Data items:
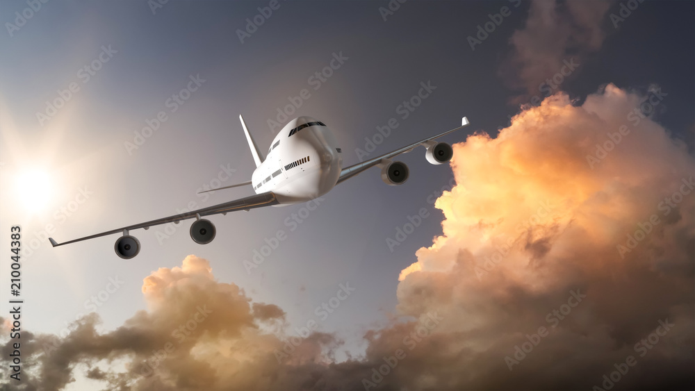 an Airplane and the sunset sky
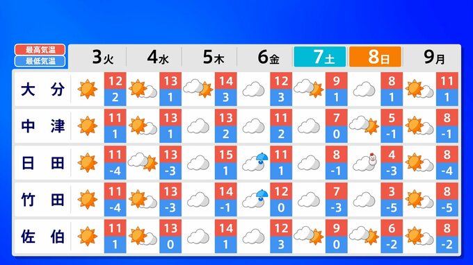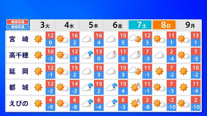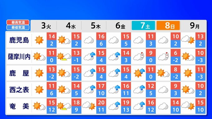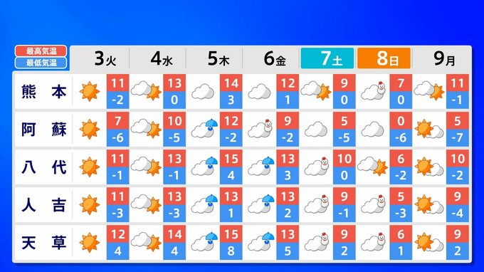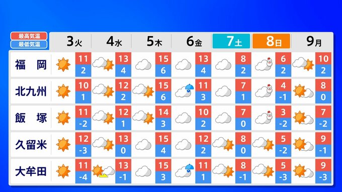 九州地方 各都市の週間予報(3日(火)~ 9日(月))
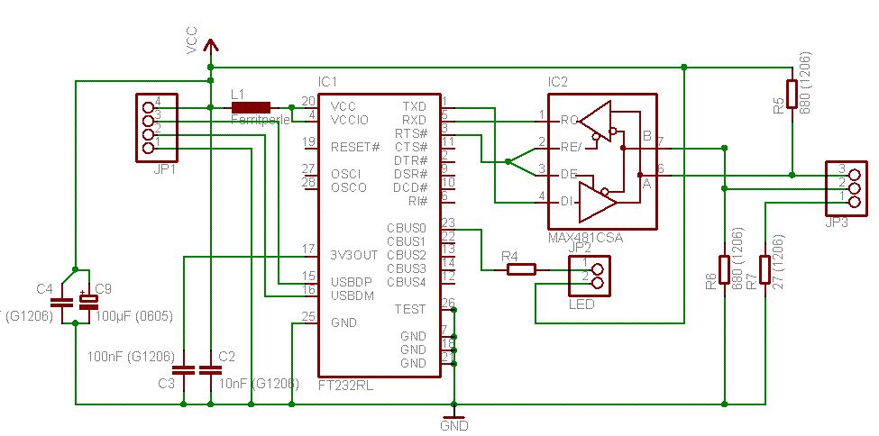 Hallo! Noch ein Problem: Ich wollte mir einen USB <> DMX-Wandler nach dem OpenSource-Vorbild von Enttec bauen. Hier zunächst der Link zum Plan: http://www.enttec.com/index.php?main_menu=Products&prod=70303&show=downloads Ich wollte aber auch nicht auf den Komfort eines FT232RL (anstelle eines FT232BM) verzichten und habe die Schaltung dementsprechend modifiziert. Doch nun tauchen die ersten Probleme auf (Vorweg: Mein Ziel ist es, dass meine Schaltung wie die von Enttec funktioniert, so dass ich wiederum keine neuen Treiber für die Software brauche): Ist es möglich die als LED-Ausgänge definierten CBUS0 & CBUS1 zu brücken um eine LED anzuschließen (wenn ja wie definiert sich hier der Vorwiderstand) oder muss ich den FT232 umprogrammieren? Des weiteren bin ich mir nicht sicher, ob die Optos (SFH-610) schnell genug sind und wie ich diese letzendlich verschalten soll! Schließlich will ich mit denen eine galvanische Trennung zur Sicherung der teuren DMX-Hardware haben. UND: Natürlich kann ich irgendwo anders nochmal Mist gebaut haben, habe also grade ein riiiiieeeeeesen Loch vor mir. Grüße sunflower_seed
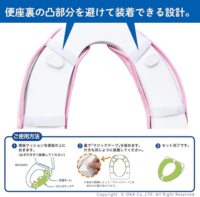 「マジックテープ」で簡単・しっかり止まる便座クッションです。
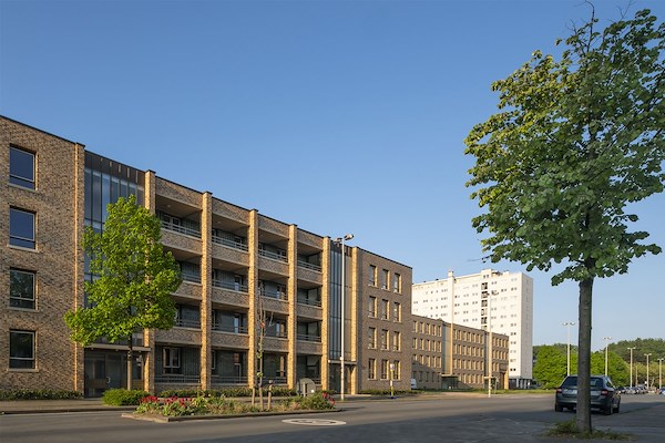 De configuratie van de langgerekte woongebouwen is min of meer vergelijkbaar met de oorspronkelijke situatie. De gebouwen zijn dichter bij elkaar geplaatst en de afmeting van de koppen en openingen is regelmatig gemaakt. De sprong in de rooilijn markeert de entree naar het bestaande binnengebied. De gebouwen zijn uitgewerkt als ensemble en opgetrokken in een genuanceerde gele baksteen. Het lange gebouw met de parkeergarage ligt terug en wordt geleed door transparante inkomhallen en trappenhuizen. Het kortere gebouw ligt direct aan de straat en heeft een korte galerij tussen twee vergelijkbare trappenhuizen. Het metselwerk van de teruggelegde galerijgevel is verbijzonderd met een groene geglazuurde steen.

To do: Apart from the images, every line above is to be given again exactly.

Response for this exercise:
 an Airplane and the sunset sky
 九州地方 各都市の週間予報(3日(火)~ 9日(月))
 Hallo! Noch ein Problem: Ich wollte mir einen USB <> DMX-Wandler nach dem OpenSource-Vorbild von Enttec bauen. Hier zunächst der Link zum Plan: http://www.enttec.com/index.php?main_menu=Products&prod=70303&show=downloads Ich wollte aber auch nicht auf den Komfort eines FT232RL (anstelle eines FT232BM) verzichten und habe die Schaltung dementsprechend modifiziert. Doch nun tauchen die ersten Probleme auf (Vorweg: Mein Ziel ist es, dass meine Schaltung wie die von Enttec funktioniert, so dass ich wiederum keine neuen Treiber für die Software brauche): Ist es möglich die als LED-Ausgänge definierten CBUS0 & CBUS1 zu brücken um eine LED anzuschließen (wenn ja wie definiert sich hier der Vorwiderstand) oder muss ich den FT232 umprogrammieren? Des weiteren bin ich mir nicht sicher, ob die Optos (SFH-610) schnell genug sind und wie ich diese letzendlich verschalten soll! Schließlich will ich mit denen eine galvanische Trennung zur Sicherung der teuren DMX-Hardware haben. UND: Natürlich kann ich irgendwo anders nochmal Mist gebaut haben, habe also grade ein riiiiieeeeeesen Loch vor mir. Grüße sunflower_seed
 「マジックテープ」で簡単・しっかり止まる便座クッションです。
 De configuratie van de langgerekte woongebouwen is min of meer vergelijkbaar met de oorspronkelijke situatie. De gebouwen zijn dichter bij elkaar geplaatst en de afmeting van de koppen en openingen is regelmatig gemaakt. De sprong in de rooilijn markeert de entree naar het bestaande binnengebied. De gebouwen zijn uitgewerkt als ensemble en opgetrokken in een genuanceerde gele baksteen. Het lange gebouw met de parkeergarage ligt terug en wordt geleed door transparante inkomhallen en trappenhuizen. Het kortere gebouw ligt direct aan de straat en heeft een korte galerij tussen twee vergelijkbare trappenhuizen. Het metselwerk van de teruggelegde galerijgevel is verbijzonderd met een groene geglazuurde steen.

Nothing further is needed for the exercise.